## Task inputs
################
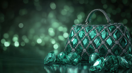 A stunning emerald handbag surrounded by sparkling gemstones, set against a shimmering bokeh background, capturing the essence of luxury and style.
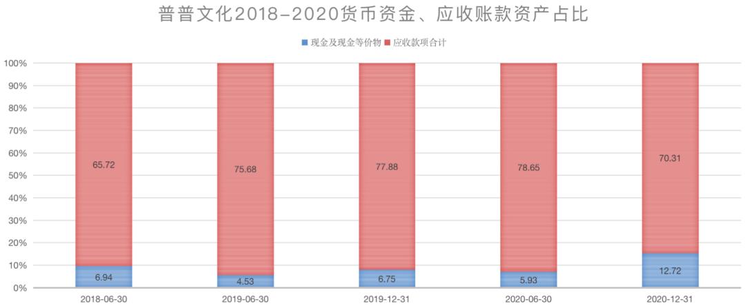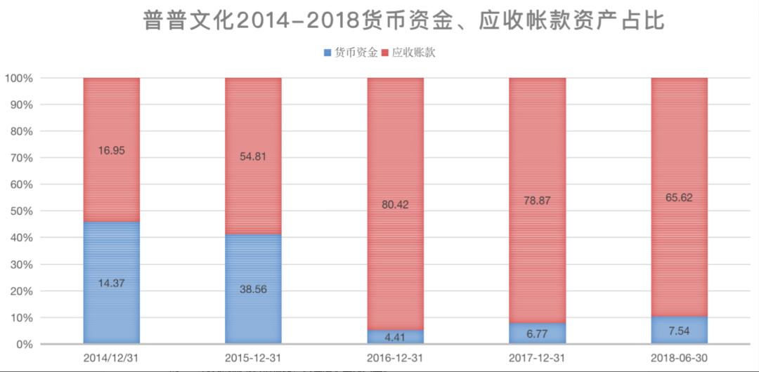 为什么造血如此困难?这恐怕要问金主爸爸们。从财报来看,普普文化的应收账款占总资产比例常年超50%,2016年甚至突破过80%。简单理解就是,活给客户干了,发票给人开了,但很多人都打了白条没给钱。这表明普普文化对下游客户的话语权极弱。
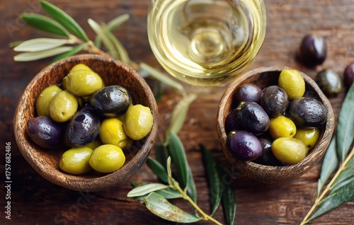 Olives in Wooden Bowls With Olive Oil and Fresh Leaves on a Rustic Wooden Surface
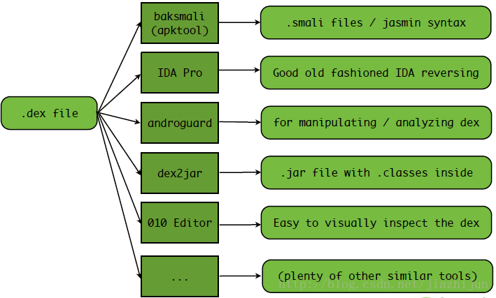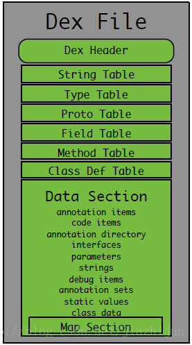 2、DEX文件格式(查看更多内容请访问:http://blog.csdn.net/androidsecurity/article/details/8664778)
################
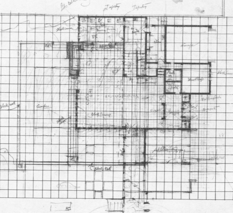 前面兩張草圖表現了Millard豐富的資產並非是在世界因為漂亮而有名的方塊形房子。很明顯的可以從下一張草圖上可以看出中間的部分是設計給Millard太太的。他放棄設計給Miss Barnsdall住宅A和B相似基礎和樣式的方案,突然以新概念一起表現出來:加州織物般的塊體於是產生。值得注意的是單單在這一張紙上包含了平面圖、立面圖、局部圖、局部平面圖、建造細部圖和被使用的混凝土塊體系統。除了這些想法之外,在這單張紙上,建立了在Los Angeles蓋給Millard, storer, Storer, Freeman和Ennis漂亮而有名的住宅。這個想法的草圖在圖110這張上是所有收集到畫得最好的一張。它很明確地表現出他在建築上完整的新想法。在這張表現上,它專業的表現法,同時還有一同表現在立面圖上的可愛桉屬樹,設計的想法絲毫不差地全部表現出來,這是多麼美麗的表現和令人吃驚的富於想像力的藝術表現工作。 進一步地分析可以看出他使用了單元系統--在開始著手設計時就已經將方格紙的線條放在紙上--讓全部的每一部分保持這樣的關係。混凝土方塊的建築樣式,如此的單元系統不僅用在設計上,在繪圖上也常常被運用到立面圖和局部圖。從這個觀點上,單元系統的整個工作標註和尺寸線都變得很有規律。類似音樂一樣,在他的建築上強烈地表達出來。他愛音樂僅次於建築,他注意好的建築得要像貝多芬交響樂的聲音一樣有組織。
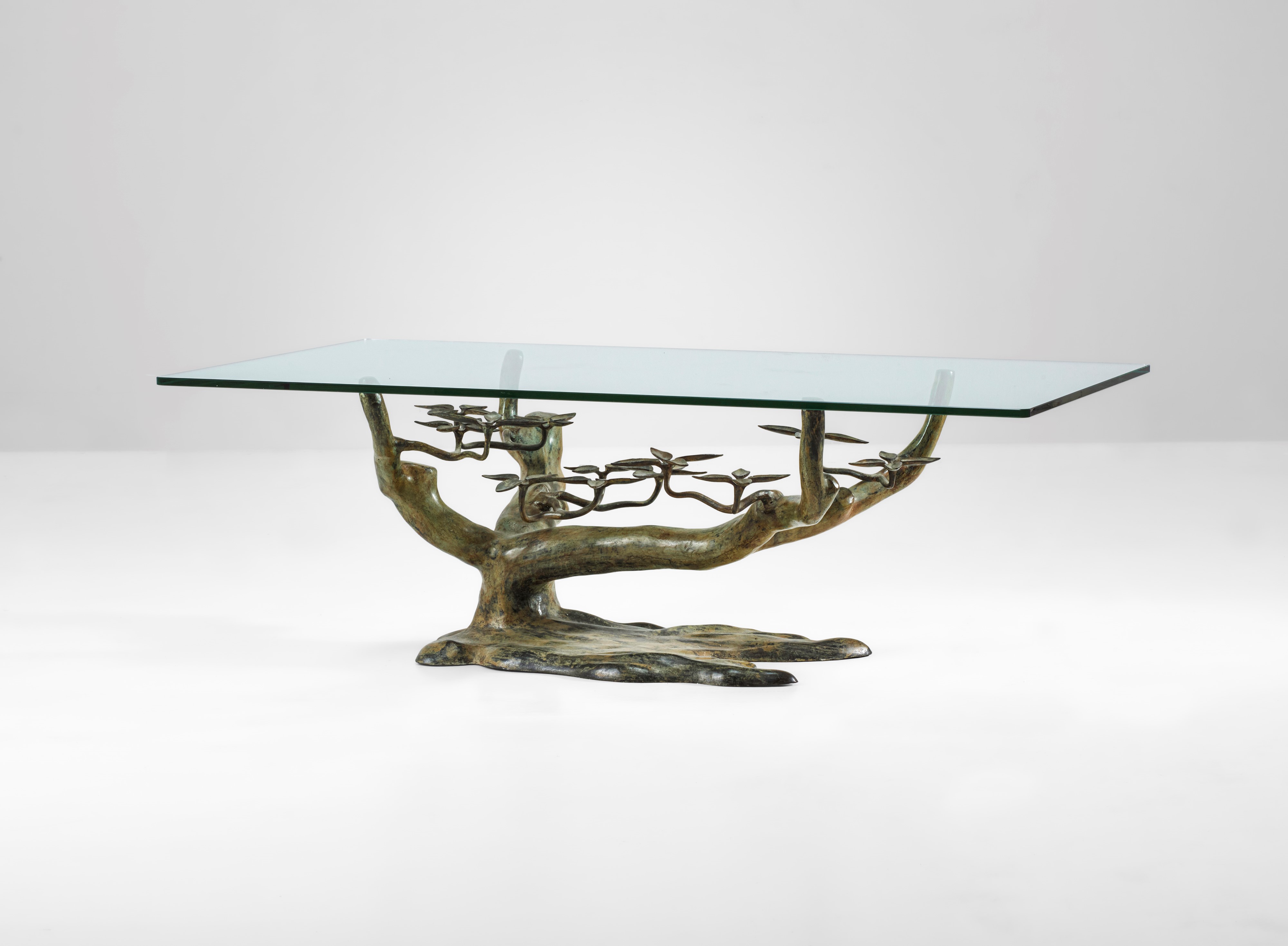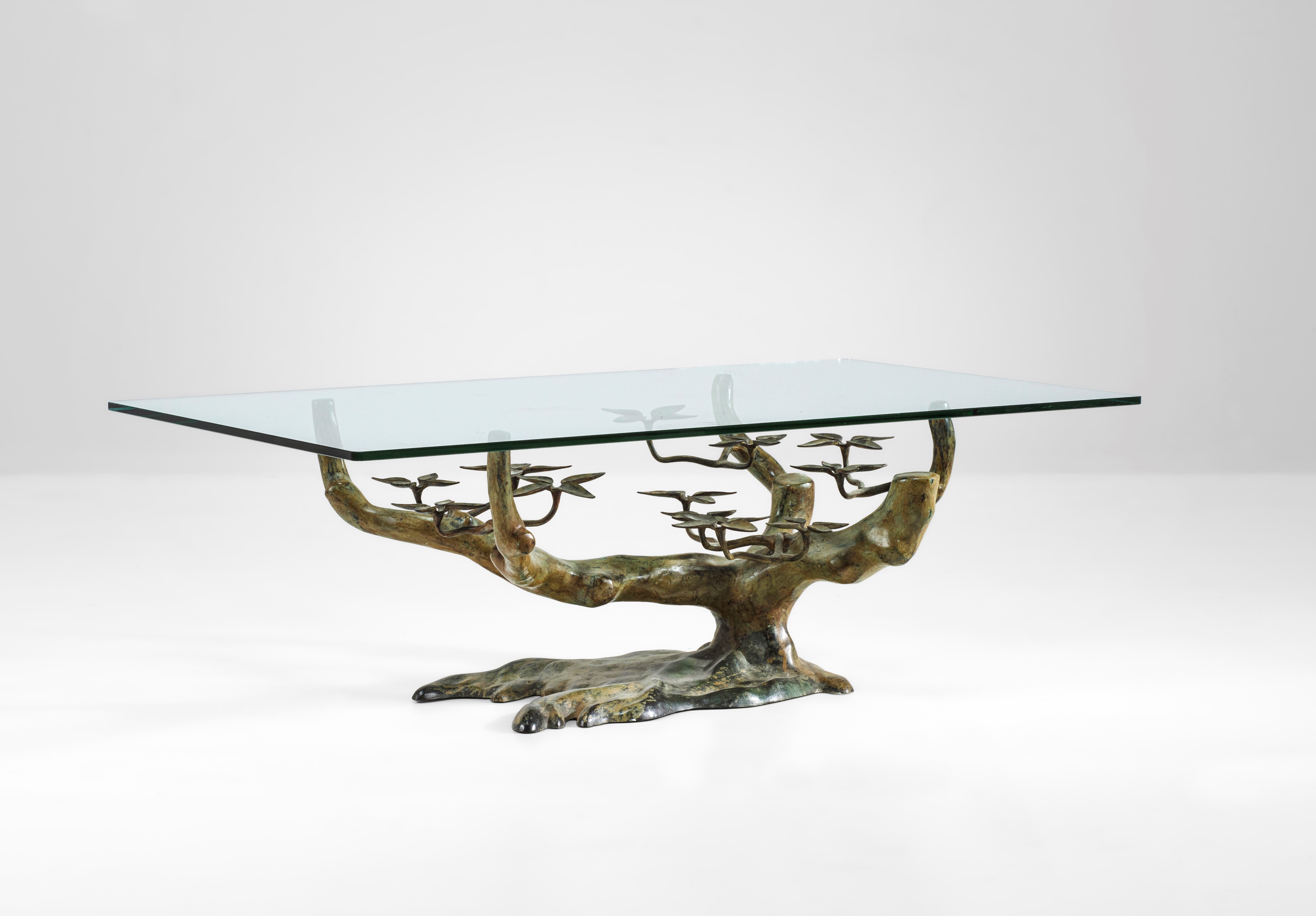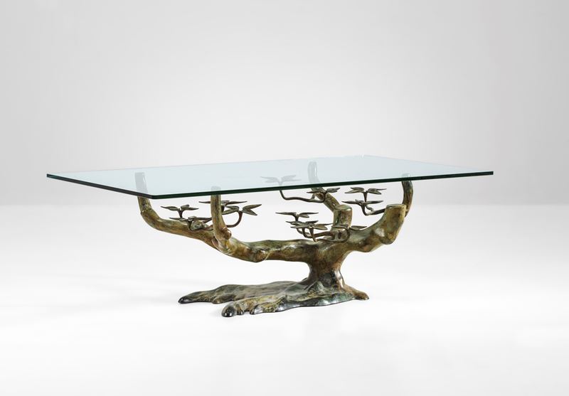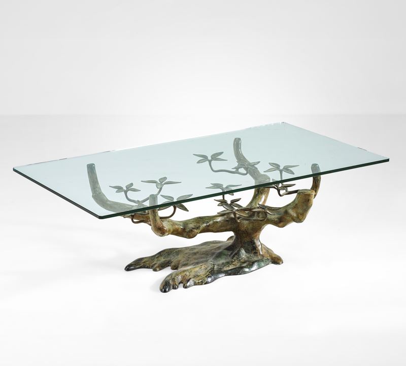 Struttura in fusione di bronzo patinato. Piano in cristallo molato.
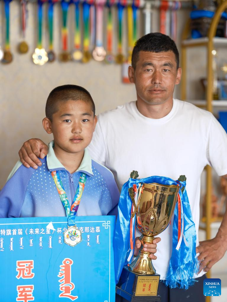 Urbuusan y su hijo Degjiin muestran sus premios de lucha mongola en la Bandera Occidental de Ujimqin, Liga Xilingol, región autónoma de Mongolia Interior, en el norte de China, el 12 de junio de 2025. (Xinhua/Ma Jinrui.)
################
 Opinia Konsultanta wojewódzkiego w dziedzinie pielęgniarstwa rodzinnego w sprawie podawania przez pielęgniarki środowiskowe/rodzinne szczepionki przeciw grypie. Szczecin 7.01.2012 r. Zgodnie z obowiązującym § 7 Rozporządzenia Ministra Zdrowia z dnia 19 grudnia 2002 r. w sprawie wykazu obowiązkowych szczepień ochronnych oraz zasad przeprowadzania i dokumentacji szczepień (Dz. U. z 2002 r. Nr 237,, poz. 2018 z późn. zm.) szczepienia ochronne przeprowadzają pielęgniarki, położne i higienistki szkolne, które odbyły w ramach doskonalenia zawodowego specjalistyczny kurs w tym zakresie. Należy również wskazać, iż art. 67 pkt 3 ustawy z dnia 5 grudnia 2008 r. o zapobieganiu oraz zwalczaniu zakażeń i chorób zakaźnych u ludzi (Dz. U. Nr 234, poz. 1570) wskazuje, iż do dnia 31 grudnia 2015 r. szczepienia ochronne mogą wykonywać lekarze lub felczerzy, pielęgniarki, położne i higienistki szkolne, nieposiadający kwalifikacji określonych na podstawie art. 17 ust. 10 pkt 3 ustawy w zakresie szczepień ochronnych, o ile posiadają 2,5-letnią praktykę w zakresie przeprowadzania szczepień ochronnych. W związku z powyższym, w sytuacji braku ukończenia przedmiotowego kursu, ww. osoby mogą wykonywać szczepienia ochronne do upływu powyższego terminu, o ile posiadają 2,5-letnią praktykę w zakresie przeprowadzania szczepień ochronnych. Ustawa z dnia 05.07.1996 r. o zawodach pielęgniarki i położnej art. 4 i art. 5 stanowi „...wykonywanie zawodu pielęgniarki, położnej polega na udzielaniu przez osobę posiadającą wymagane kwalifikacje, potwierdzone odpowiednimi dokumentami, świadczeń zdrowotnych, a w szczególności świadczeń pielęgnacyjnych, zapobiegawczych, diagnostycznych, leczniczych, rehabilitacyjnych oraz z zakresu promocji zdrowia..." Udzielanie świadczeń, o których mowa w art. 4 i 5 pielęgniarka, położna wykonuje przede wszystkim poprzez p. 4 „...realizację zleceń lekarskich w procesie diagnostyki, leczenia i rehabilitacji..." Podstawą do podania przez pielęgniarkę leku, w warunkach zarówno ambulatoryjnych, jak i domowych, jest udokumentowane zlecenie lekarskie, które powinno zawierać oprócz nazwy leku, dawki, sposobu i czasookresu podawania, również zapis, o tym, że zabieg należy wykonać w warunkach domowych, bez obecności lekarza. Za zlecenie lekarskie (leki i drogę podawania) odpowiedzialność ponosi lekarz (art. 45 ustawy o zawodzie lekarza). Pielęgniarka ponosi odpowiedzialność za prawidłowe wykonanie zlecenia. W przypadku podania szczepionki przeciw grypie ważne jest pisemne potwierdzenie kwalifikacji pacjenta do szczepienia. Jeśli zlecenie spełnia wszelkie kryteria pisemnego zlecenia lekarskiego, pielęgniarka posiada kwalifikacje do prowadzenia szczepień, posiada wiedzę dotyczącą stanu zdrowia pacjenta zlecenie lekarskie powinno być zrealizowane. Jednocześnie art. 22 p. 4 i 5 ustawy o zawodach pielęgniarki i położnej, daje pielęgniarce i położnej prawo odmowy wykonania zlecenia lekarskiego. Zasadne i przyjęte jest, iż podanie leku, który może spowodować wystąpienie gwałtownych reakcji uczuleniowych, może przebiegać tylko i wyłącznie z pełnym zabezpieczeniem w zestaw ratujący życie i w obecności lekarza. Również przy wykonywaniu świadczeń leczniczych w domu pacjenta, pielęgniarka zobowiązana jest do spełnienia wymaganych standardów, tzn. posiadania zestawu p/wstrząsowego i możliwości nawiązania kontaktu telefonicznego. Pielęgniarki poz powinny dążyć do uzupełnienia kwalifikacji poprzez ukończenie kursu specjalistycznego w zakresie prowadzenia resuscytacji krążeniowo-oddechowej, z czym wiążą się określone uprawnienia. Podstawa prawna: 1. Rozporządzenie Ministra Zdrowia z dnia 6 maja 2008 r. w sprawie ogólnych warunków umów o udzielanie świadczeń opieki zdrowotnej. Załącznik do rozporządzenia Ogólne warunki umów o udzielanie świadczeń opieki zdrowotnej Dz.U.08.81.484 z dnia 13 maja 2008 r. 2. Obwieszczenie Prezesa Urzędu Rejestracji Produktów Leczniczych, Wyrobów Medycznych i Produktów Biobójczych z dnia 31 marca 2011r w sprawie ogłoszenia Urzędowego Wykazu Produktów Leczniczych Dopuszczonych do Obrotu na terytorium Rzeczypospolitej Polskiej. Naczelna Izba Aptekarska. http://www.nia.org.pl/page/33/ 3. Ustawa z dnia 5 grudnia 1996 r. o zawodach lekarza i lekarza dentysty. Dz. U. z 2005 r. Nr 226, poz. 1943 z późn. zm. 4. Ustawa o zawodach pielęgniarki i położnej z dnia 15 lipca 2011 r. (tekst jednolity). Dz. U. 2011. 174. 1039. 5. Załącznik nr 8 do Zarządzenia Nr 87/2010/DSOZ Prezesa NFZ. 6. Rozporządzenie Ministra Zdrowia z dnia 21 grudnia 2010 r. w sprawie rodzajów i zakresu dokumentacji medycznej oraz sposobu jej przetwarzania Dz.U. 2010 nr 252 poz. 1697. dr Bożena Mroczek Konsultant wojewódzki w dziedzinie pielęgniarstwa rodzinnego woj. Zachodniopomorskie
################
## Action item
Using the entries above, repeat exactly the lines from the one with "A stunning emerald" to the one with "2、DEX文件格式(查看更多", both included, and leave the pictures behind.

## Answer space
 A stunning emerald handbag surrounded by sparkling gemstones, set against a shimmering bokeh background, capturing the essence of luxury and style.
 为什么造血如此困难?这恐怕要问金主爸爸们。从财报来看,普普文化的应收账款占总资产比例常年超50%,2016年甚至突破过80%。简单理解就是,活给客户干了,发票给人开了,但很多人都打了白条没给钱。这表明普普文化对下游客户的话语权极弱。
 Olives in Wooden Bowls With Olive Oil and Fresh Leaves on a Rustic Wooden Surface
 2、DEX文件格式(查看更多内容请访问:http://blog.csdn.net/androidsecurity/article/details/8664778)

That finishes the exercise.